Monday, August 24, 2015

Vitrigraph - Fun with Molten Glass

I added a Skutt Firebox kiln to my studio a while ago for hot combing and vitrigraphy but have only recently found a suitable stand for the latter. I had thought of using two tables and some concrete blocks to raise the kiln up but it was never going to work in my studio (ie the laundry!!)

Finally I bought a set of stainless steel shelves from Brayco. The uprights are 1.8m and the kiln sits on a shelf 1m above the ground. The central section of the shelf is cut out to allow the glass to fall onto a second shelf holding a stainless steel bowl.

The kiln base is removed and placed on a piece of 2.5cm fibre board with a 2cm hole cut in the middle. The scrap glass is cut into 2cm squares and put in a 15cm terracotta pot (the expensive Italian one) and the pot is put on two mullite strips to raise it off the fibre board.

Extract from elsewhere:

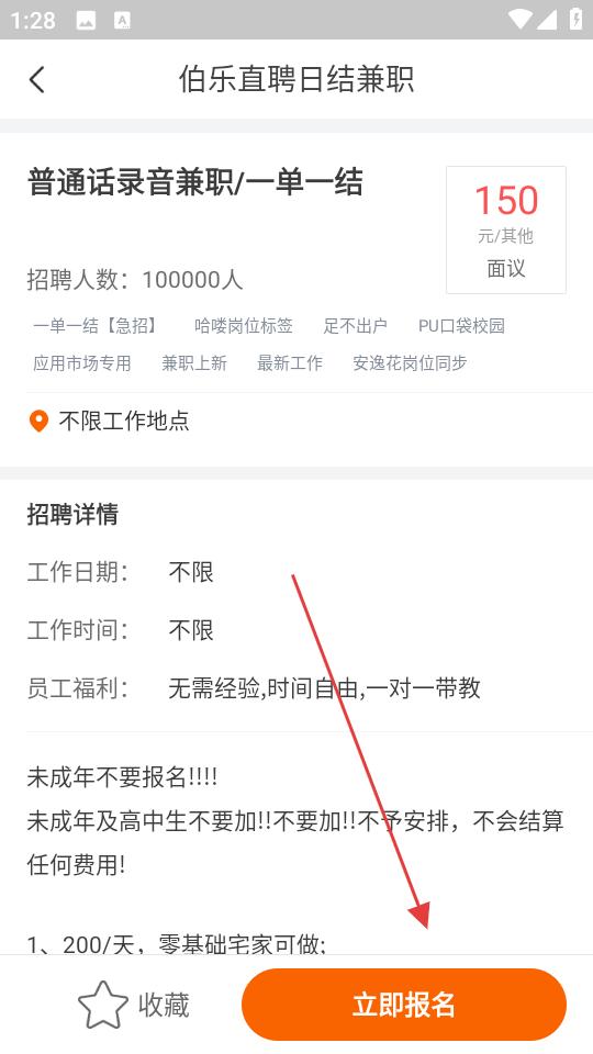 3、在兼職詳情界面,仔細瀏覽招聘人數、工作日期、時間安排、員工福利等信息,確認自身符合報名條件后,點擊頁面底部立即報名,提交報名信息參與兼職。

For the first run I did not enlarge the (drainage) hole in the pot but it might be worthwhile for the future.

I chose to use an ultra conservative firing schedule – 

1 hour to 320°C

4 hours to 740°C

1 hour to 1040°C at which point glass began to flow.

The Firebox doesn’t have a programmable controller and the ‘heat’ switch is described as ‘infinite’. That means at setting 1 ½ the element heats at about 180°C per hour and 300°C at setting 4. The switch design means a lot of trial and error and I figured I would rather go slow and steady to avoid stressing the terracotta pot more so than the glass.

Recommended schedule is 250°C per hour to 940°C (about 3 ¾ hours). The thermocouple pyrometer though is reading from close to an element and the glass in the terracotta pot is insulated. Next time I will try to try 250°C per hour for 4 hours and see what happens.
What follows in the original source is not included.